[WORKING DATA Boundary: Start]

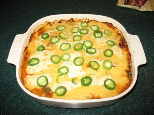 1 Preheat oven to 400°. 2 Cook ground beef and onion in a large skillet until beef is browned, and onions tender, drain. 3 Stir in salsa (can make smoother in texture in the food processor, if you desire), water and taco seasoning packet; bring to a boil until some of the water as boiled off and it is the sauce is saucy not thin and watery. 4 Reduce heat to low and stirring occasionally, for 3-4 minutes. Add olives, if using, and stir. 5 In a medium sauces pan: combine cornmeal, evaporated milk, green chilies, 1/2 C cheese and salt. Cook over medium heat, stirring constantly for 5-7 minutes or until thickened (to the consistency of thin oatmeal). 6 In a 8x8 ungreased baking dish: Spoon in meat filling, then spread cornmeal on top of meat mixture. 7 Bake for 25 minutes, sprinkle with remaining cheese and garnish w/ jalapenos. Bake an additional 5 minutes until cheese is melted.
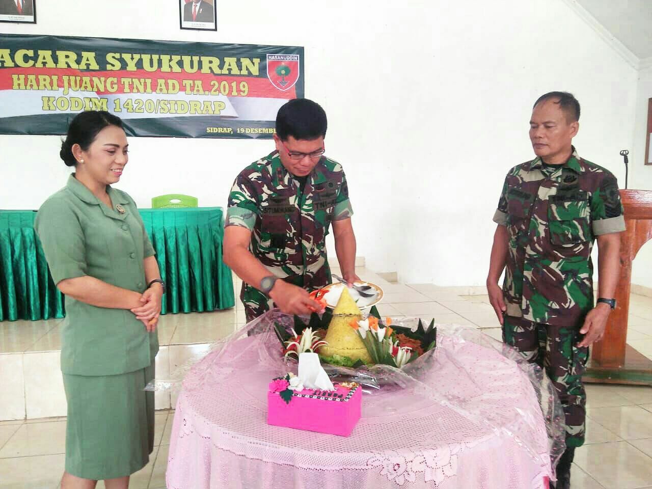 Sidrap, MitraSulawesi.id–Usai mengikuti Upacara, Komando Distrik Militer (Kodim) 1420 Sidrap menggelar acara syukuran dalam rangka Hari Juang Tentara Nasional Indonesia Angkatan Darat di Aula Makodim 1420 Sidrap Kelurahan Majjelling Wattang Kecamatan Maritengngae Kabupaten Sidrap, Kamis (19/12/2019).
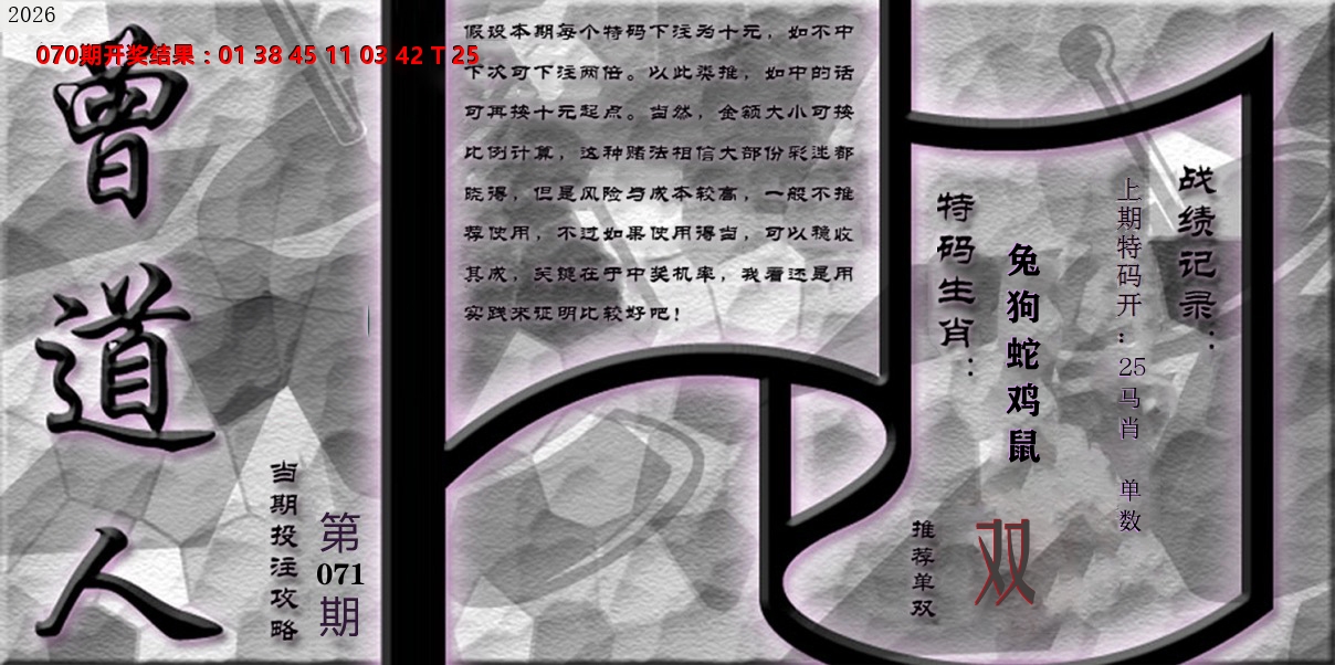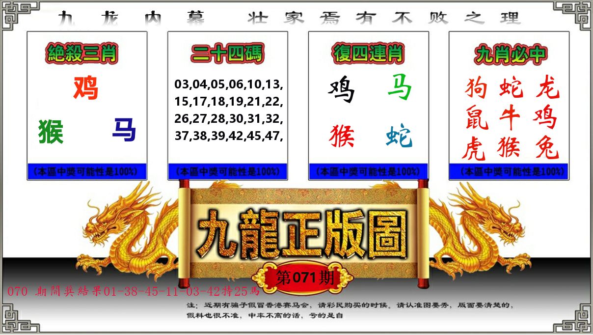 071期:绝杀三肖【鸡鼠马】开:??准
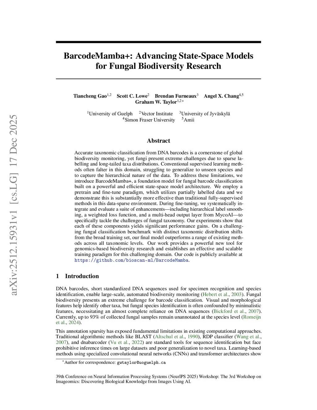 Accurate taxonomic classification from DNA barcodes is a cornerstone of global biodiversity monitoring, yet fungi present extreme challenges due to sparse labelling and long-tailed taxa distributions. Conventional supervised learning methods often falter in this domain, struggling to generalize to unseen species and to capture the hierarchical nature of the data. To address these limitations, we introduce BarcodeMamba+, a foundation model for fungal barcode classification built on a powerful and efficient state-space model architecture. We employ a pretrain and fine-tune paradigm, which utilizes partially labelled data and we demonstrate this is substantially more effective than traditional fully-supervised methods in this data-sparse environment. During fine-tuning, we systematically integrate and evaluate a suite of enhancements--including hierarchical label smoothing, a weighted loss function, and a multi-head output layer from MycoAI--to specifically tackle the challenges of fungal taxonomy. Our experiments show that each of these components yields significant performance gains. On a challenging fungal classification benchmark with distinct taxonomic distribution shifts from the broad training set, our final model outperforms a range of existing methods across all taxonomic levels. Our work provides a powerful new tool for genomics-based biodiversity research and establishes an effective and scalable training paradigm for this challenging domain. Our code is publicly available atthis https URL.
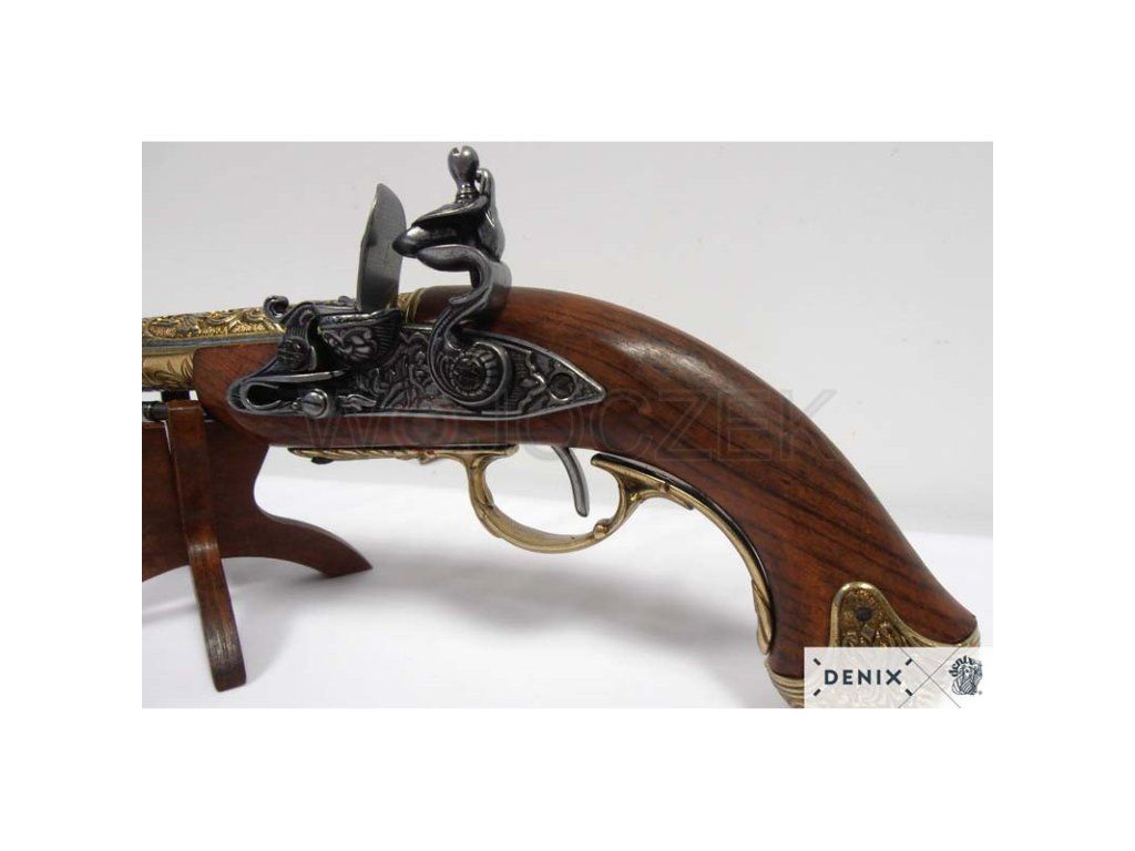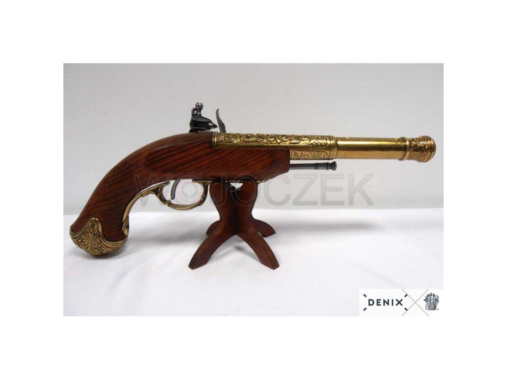 Pistole je určena pro leváky a vyrábí se v mosazném a šedém provedení.
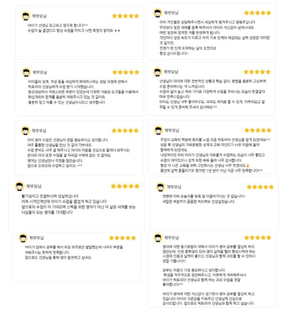 🇬🇧 영어 강사 경력 9년 차 🇬🇧 [석사] The University of Manchester (세계27위) 비지니스 스쿨 최우수 등급 졸업 🇬🇧 [학사] Coventry University 최우수 등급 졸업 🇬🇧 (전) The University of Manchester 비지니스스쿨 홍보대사 & 석사 대표 블로거 🇬🇧 (전) The University of Manchester 온라인 국제 세미나 페널리스트 🇰🇷 (전) 한국 최대 아이엘츠 커뮤니티 아독사 멘토 *합격 및 지도 사례: 고려대학교, 브랭섬홀 아시아, GIA 국제학교, JIS 국제학교, ISL 카타르 국제학교, 칭화대학교 (세계 20위), 대원국제중, 용인외대부고, 울산외고, 주재원 자녀, 외교관 자녀 등 다수 * 영재 홈스쿨링: 음악 (바이올린, 첼로 등), 무용, 예원학교, 국악고, 연예인 준비생 등 ---------------- 안녕하세요, 전문 영어 강사 김빅토리아입니다! 세계 27위 영국 명문대 맨체스터 비지니스 스쿨에서 석사 졸업 후 한국인 학생 분들 대상으로 영어 수업을 제공하고 있습니다. 특히나 한국에서 수 년간 학교와 학원을 다녀도 스피킹 실력이 늘지 않는 학생 분들의 사례들을 통해 이에 특화된 커리큘럼을 진행하고 있습니다. 실제로 한국 혹은 국외에 거주하는 학생분들이 영어를 단어만 따로 따로 내뱉는 수준에서 회화가 가능한 수준을 달성 하시도록 가이드 해드림으로써 만족도가 매우 높은 수업을 제공하고 있습니다. 수업 희망 시 편하게 문의주세요!

[WORKING DATA Boundary: End]

### YOUR ASSIGNMENT
A faithful copy of all the records is required, with the pictures left out.

### FINISHED EXERCISE
 1 Preheat oven to 400°. 2 Cook ground beef and onion in a large skillet until beef is browned, and onions tender, drain. 3 Stir in salsa (can make smoother in texture in the food processor, if you desire), water and taco seasoning packet; bring to a boil until some of the water as boiled off and it is the sauce is saucy not thin and watery. 4 Reduce heat to low and stirring occasionally, for 3-4 minutes. Add olives, if using, and stir. 5 In a medium sauces pan: combine cornmeal, evaporated milk, green chilies, 1/2 C cheese and salt. Cook over medium heat, stirring constantly for 5-7 minutes or until thickened (to the consistency of thin oatmeal). 6 In a 8x8 ungreased baking dish: Spoon in meat filling, then spread cornmeal on top of meat mixture. 7 Bake for 25 minutes, sprinkle with remaining cheese and garnish w/ jalapenos. Bake an additional 5 minutes until cheese is melted.
 Sidrap, MitraSulawesi.id–Usai mengikuti Upacara, Komando Distrik Militer (Kodim) 1420 Sidrap menggelar acara syukuran dalam rangka Hari Juang Tentara Nasional Indonesia Angkatan Darat di Aula Makodim 1420 Sidrap Kelurahan Majjelling Wattang Kecamatan Maritengngae Kabupaten Sidrap, Kamis (19/12/2019).
 071期:绝杀三肖【鸡鼠马】开:??准
 Accurate taxonomic classification from DNA barcodes is a cornerstone of global biodiversity monitoring, yet fungi present extreme challenges due to sparse labelling and long-tailed taxa distributions. Conventional supervised learning methods often falter in this domain, struggling to generalize to unseen species and to capture the hierarchical nature of the data. To address these limitations, we introduce BarcodeMamba+, a foundation model for fungal barcode classification built on a powerful and efficient state-space model architecture. We employ a pretrain and fine-tune paradigm, which utilizes partially labelled data and we demonstrate this is substantially more effective than traditional fully-supervised methods in this data-sparse environment. During fine-tuning, we systematically integrate and evaluate a suite of enhancements--including hierarchical label smoothing, a weighted loss function, and a multi-head output layer from MycoAI--to specifically tackle the challenges of fungal taxonomy. Our experiments show that each of these components yields significant performance gains. On a challenging fungal classification benchmark with distinct taxonomic distribution shifts from the broad training set, our final model outperforms a range of existing methods across all taxonomic levels. Our work provides a powerful new tool for genomics-based biodiversity research and establishes an effective and scalable training paradigm for this challenging domain. Our code is publicly available atthis https URL.
 Pistole je určena pro leváky a vyrábí se v mosazném a šedém provedení.
 🇬🇧 영어 강사 경력 9년 차 🇬🇧 [석사] The University of Manchester (세계27위) 비지니스 스쿨 최우수 등급 졸업 🇬🇧 [학사] Coventry University 최우수 등급 졸업 🇬🇧 (전) The University of Manchester 비지니스스쿨 홍보대사 & 석사 대표 블로거 🇬🇧 (전) The University of Manchester 온라인 국제 세미나 페널리스트 🇰🇷 (전) 한국 최대 아이엘츠 커뮤니티 아독사 멘토 *합격 및 지도 사례: 고려대학교, 브랭섬홀 아시아, GIA 국제학교, JIS 국제학교, ISL 카타르 국제학교, 칭화대학교 (세계 20위), 대원국제중, 용인외대부고, 울산외고, 주재원 자녀, 외교관 자녀 등 다수 * 영재 홈스쿨링: 음악 (바이올린, 첼로 등), 무용, 예원학교, 국악고, 연예인 준비생 등 ---------------- 안녕하세요, 전문 영어 강사 김빅토리아입니다! 세계 27위 영국 명문대 맨체스터 비지니스 스쿨에서 석사 졸업 후 한국인 학생 분들 대상으로 영어 수업을 제공하고 있습니다. 특히나 한국에서 수 년간 학교와 학원을 다녀도 스피킹 실력이 늘지 않는 학생 분들의 사례들을 통해 이에 특화된 커리큘럼을 진행하고 있습니다. 실제로 한국 혹은 국외에 거주하는 학생분들이 영어를 단어만 따로 따로 내뱉는 수준에서 회화가 가능한 수준을 달성 하시도록 가이드 해드림으로써 만족도가 매우 높은 수업을 제공하고 있습니다. 수업 희망 시 편하게 문의주세요!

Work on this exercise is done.